Recorded data:
======

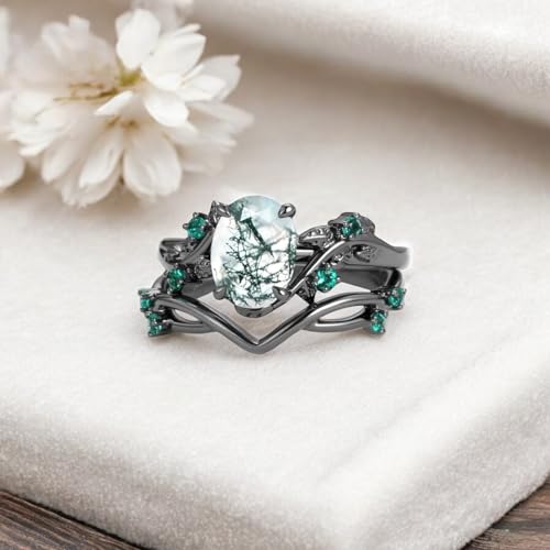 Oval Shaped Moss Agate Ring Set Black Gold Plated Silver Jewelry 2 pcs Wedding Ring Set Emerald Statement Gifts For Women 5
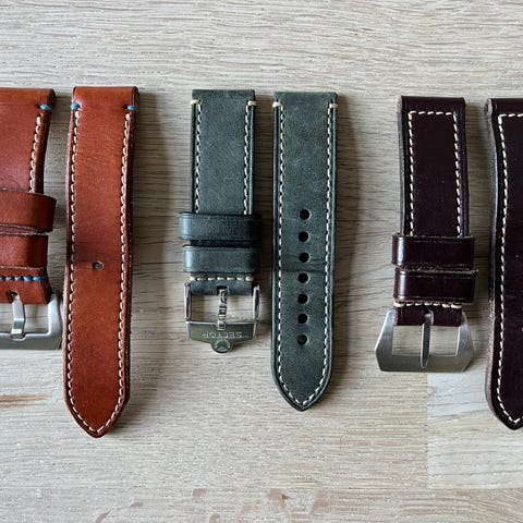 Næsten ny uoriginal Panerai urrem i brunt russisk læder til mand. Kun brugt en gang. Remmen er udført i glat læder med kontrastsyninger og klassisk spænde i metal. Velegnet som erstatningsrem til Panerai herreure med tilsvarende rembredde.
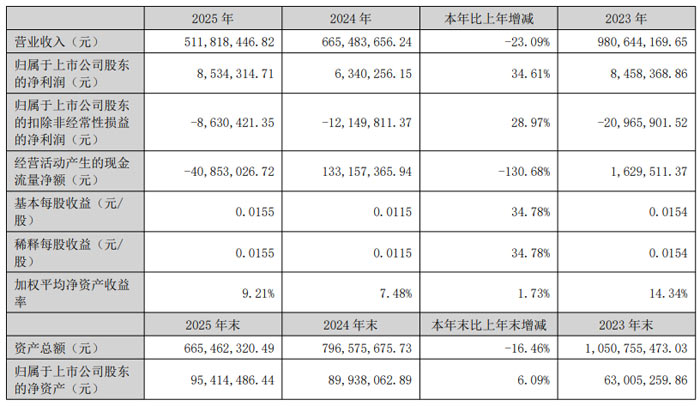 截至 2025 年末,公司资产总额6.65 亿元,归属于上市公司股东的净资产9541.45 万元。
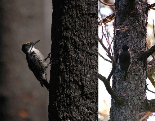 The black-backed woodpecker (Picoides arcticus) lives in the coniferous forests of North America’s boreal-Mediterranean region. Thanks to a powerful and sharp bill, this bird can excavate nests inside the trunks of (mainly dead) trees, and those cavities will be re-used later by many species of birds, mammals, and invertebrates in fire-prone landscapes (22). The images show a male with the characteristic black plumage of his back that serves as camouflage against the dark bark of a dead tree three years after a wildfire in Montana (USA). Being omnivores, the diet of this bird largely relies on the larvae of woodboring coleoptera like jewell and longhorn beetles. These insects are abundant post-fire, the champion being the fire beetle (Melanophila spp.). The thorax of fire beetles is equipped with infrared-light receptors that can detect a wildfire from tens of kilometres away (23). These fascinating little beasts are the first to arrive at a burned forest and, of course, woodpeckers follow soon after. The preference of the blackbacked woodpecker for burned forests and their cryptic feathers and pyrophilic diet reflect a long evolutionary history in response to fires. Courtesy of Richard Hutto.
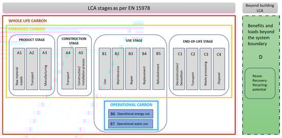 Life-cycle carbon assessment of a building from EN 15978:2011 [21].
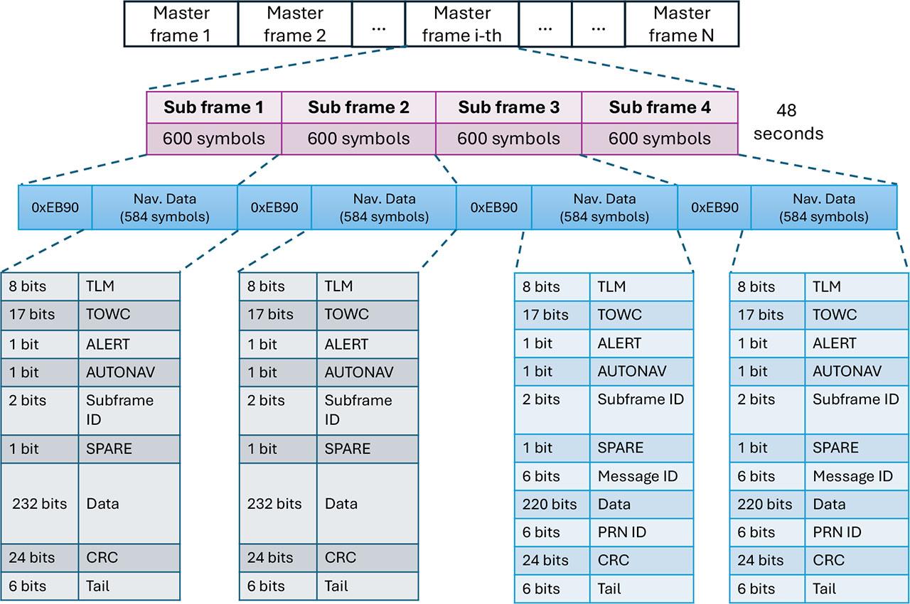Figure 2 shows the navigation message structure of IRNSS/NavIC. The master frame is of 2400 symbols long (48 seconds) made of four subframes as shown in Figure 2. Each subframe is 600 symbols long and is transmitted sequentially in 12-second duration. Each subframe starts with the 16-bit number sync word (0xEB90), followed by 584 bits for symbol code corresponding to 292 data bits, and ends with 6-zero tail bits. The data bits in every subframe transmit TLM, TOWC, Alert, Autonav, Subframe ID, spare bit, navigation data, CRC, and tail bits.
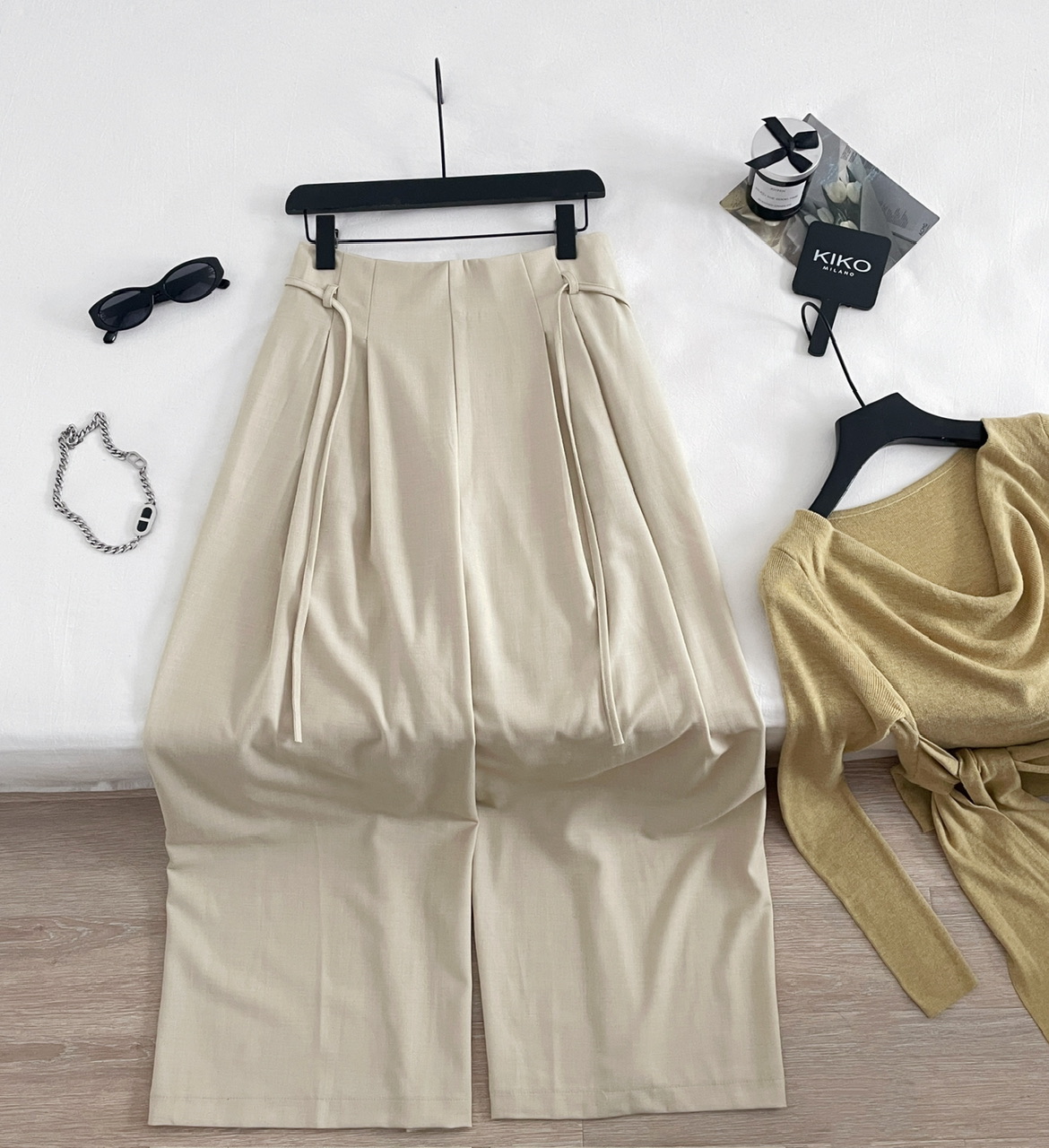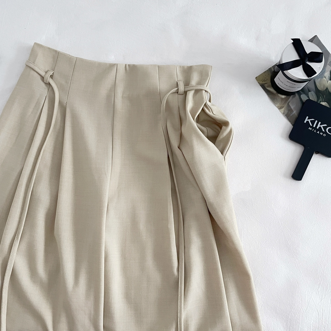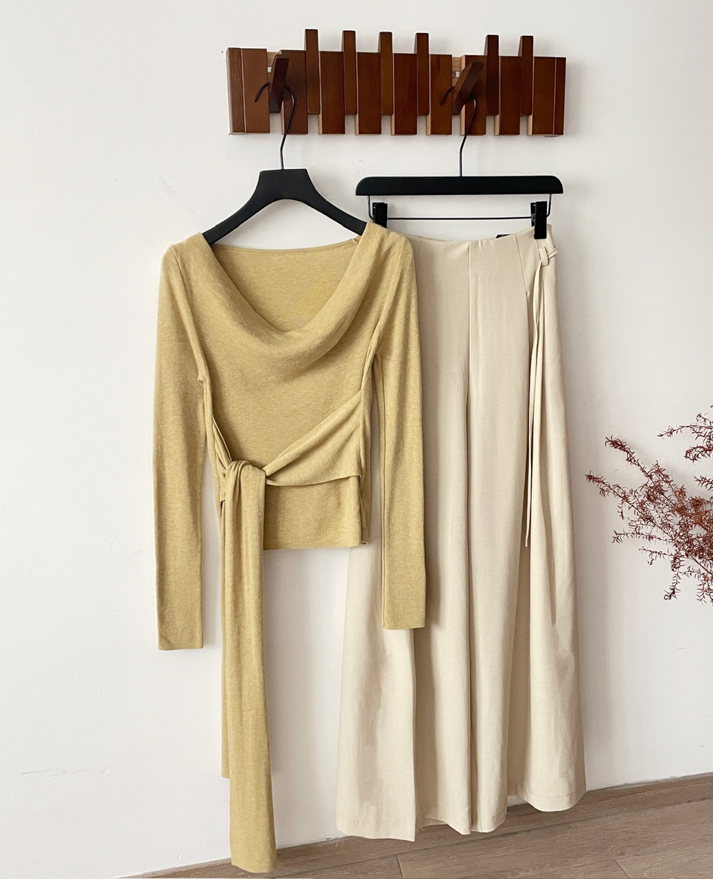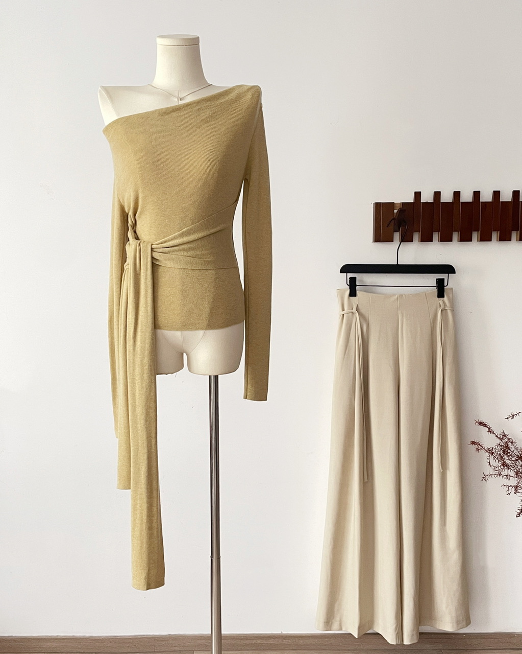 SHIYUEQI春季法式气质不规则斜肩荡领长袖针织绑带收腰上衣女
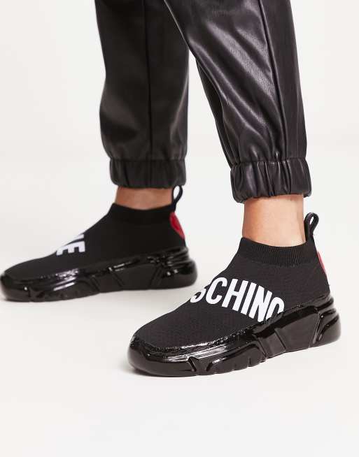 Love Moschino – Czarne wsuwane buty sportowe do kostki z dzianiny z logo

======

▸ Work order
This exercise asks for an exact copy of the lines from the first one in the data through the line that contains "截至 2025 年末,公司资产总额6.65", pictures excluded.

▸ Answer to this exercise
 Oval Shaped Moss Agate Ring Set Black Gold Plated Silver Jewelry 2 pcs Wedding Ring Set Emerald Statement Gifts For Women 5
 Næsten ny uoriginal Panerai urrem i brunt russisk læder til mand. Kun brugt en gang. Remmen er udført i glat læder med kontrastsyninger og klassisk spænde i metal. Velegnet som erstatningsrem til Panerai herreure med tilsvarende rembredde.
 截至 2025 年末,公司资产总额6.65 亿元,归属于上市公司股东的净资产9541.45 万元。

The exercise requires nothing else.